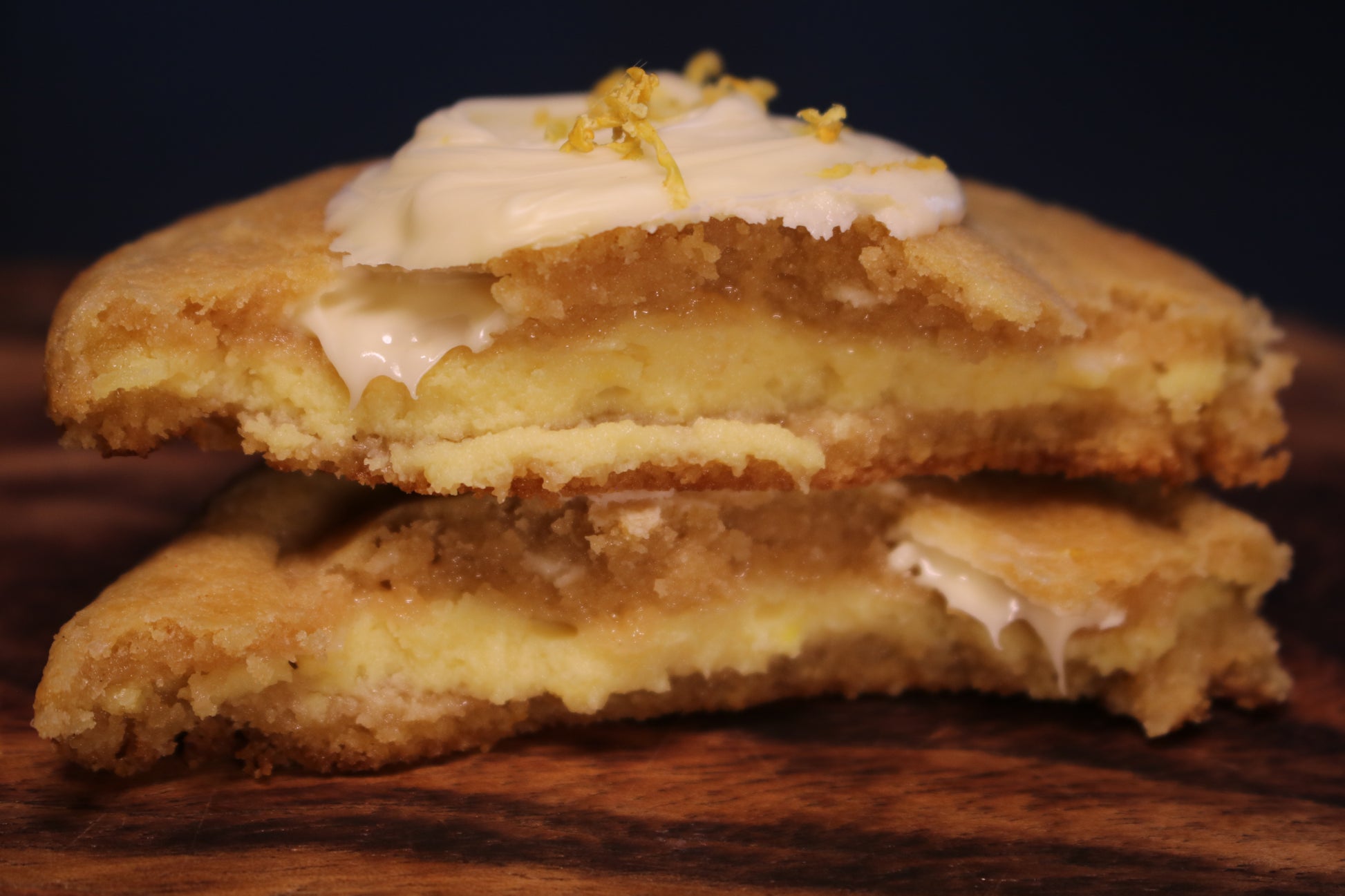 Vanilludeig með hvítum súkkulaðibitum, fyllt með mjúkum sítrónubrigadeiro.
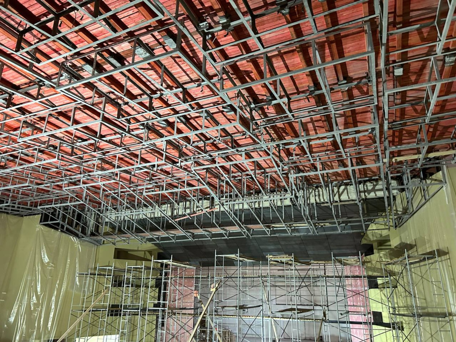 «Строители приступили к подготовительным работам для монтажа декоративных акустических плит на потолок. Плиты не только придадут залу эстетичный вид, но и улучшат звуковое качество. Все это особенно важно для проведения концертов, спектаклей и других мероприятий», — сообщает пресс-служба ведомства.
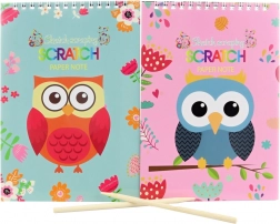 Das kreative Kratz-Notizbuch mit Eulenmotiv bietet Kindern und Erwachsenen stundenlangen Bastelspaß. Es enthält 8 schwarze Seiten mit farbigem Untergrund, auf denen Sie mit dem beiliegenden Holzstift eigene Bilder freikratzen können. Die praktische Spiralbindung erleichtert das Blättern und macht die Nutzung zu Hause wie unterwegs bequem.
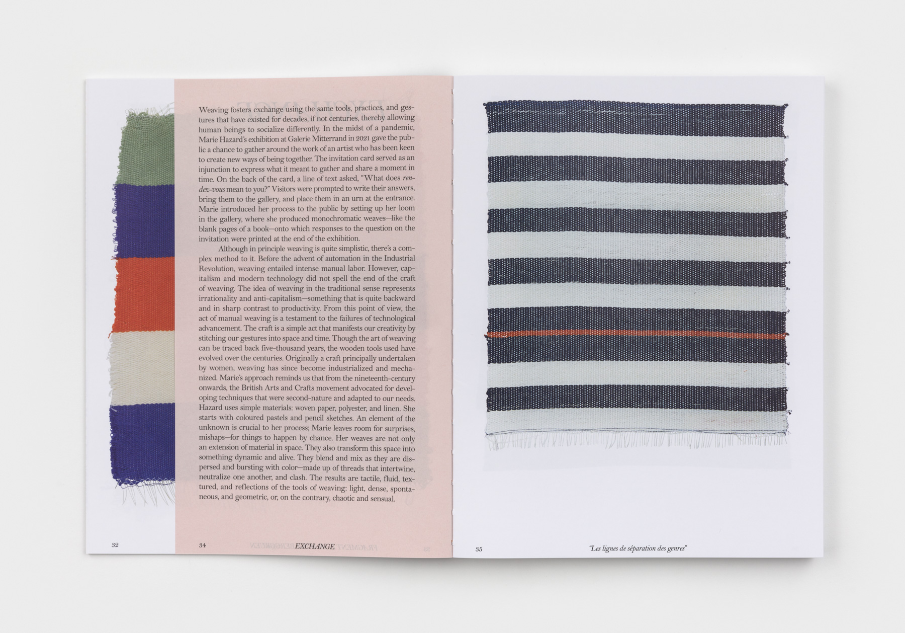 pratique artisanale. Entre peinture, sculpture et installation, les œuvres tissées de Marie Hazard font appel à une grande méticulosité qui n'enlève en rien à la spontanéité de son travail. Elle s'inspire librement de la sociologie culturelle et en particulier de la mode dont elle suit le développement historique, les usages et les techniques. En imprimant par exemple des maillots de basket sur ses tissages, elle incite le spectateur à se les réapproprier en évoquant leur fonction utilitaire et leur plaisir tactile.
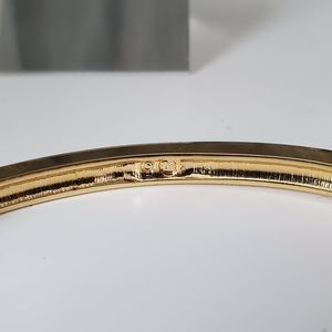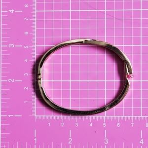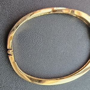 Swarovski (signed) gold tone hinged bangle featuring an elegant, crystal pave twist. This subtly blingy bracelet is hinged and shaped to fit closely to your wrist (see photos of the bracelet on my 6.5" wrist for reference), and snap-locks closed for security. Nothing compares to Swarovski crystals for quality, light-catching sparkle. Beautiful and elegant on its own, or layer with your other pieces ...
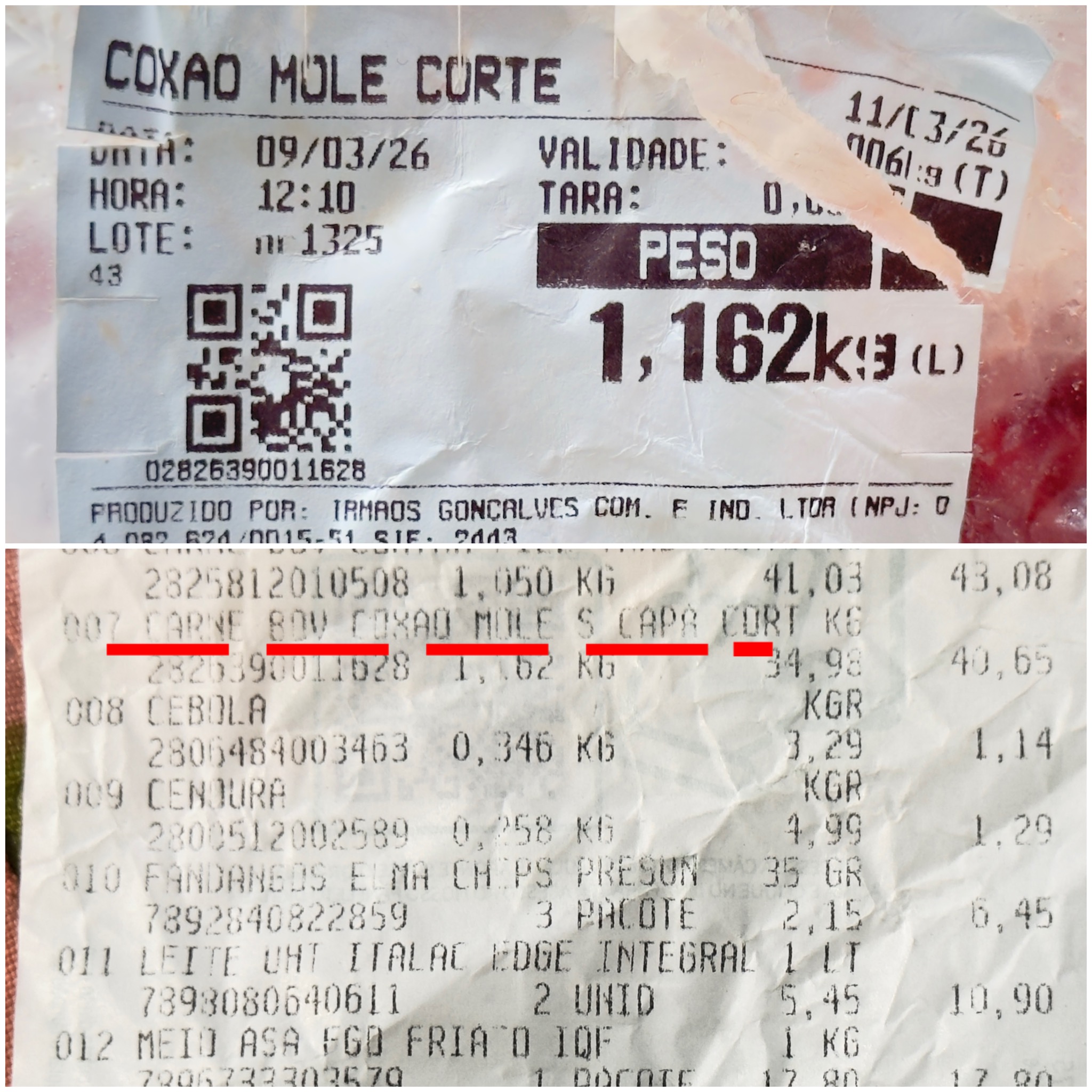 Segundo o consumidor, no momento do atendimento o corte ultrapassou um pouco o peso solicitado, passando de um quilo, e ele aceitou pagar a diferença normalmente. No entanto, ao chegar em casa, teve uma grande surpresa ao abrir a embalagem.

::::

### Exercise prompt
Your copy should hold every record word for word and none of the pictures.

### Answer to the exercise
 Vanilludeig með hvítum súkkulaðibitum, fyllt með mjúkum sítrónubrigadeiro.
 «Строители приступили к подготовительным работам для монтажа декоративных акустических плит на потолок. Плиты не только придадут залу эстетичный вид, но и улучшат звуковое качество. Все это особенно важно для проведения концертов, спектаклей и других мероприятий», — сообщает пресс-служба ведомства.
 Das kreative Kratz-Notizbuch mit Eulenmotiv bietet Kindern und Erwachsenen stundenlangen Bastelspaß. Es enthält 8 schwarze Seiten mit farbigem Untergrund, auf denen Sie mit dem beiliegenden Holzstift eigene Bilder freikratzen können. Die praktische Spiralbindung erleichtert das Blättern und macht die Nutzung zu Hause wie unterwegs bequem.
 pratique artisanale. Entre peinture, sculpture et installation, les œuvres tissées de Marie Hazard font appel à une grande méticulosité qui n'enlève en rien à la spontanéité de son travail. Elle s'inspire librement de la sociologie culturelle et en particulier de la mode dont elle suit le développement historique, les usages et les techniques. En imprimant par exemple des maillots de basket sur ses tissages, elle incite le spectateur à se les réapproprier en évoquant leur fonction utilitaire et leur plaisir tactile.
 Swarovski (signed) gold tone hinged bangle featuring an elegant, crystal pave twist. This subtly blingy bracelet is hinged and shaped to fit closely to your wrist (see photos of the bracelet on my 6.5" wrist for reference), and snap-locks closed for security. Nothing compares to Swarovski crystals for quality, light-catching sparkle. Beautiful and elegant on its own, or layer with your other pieces ...
 Segundo o consumidor, no momento do atendimento o corte ultrapassou um pouco o peso solicitado, passando de um quilo, e ele aceitou pagar a diferença normalmente. No entanto, ao chegar em casa, teve uma grande surpresa ao abrir a embalagem.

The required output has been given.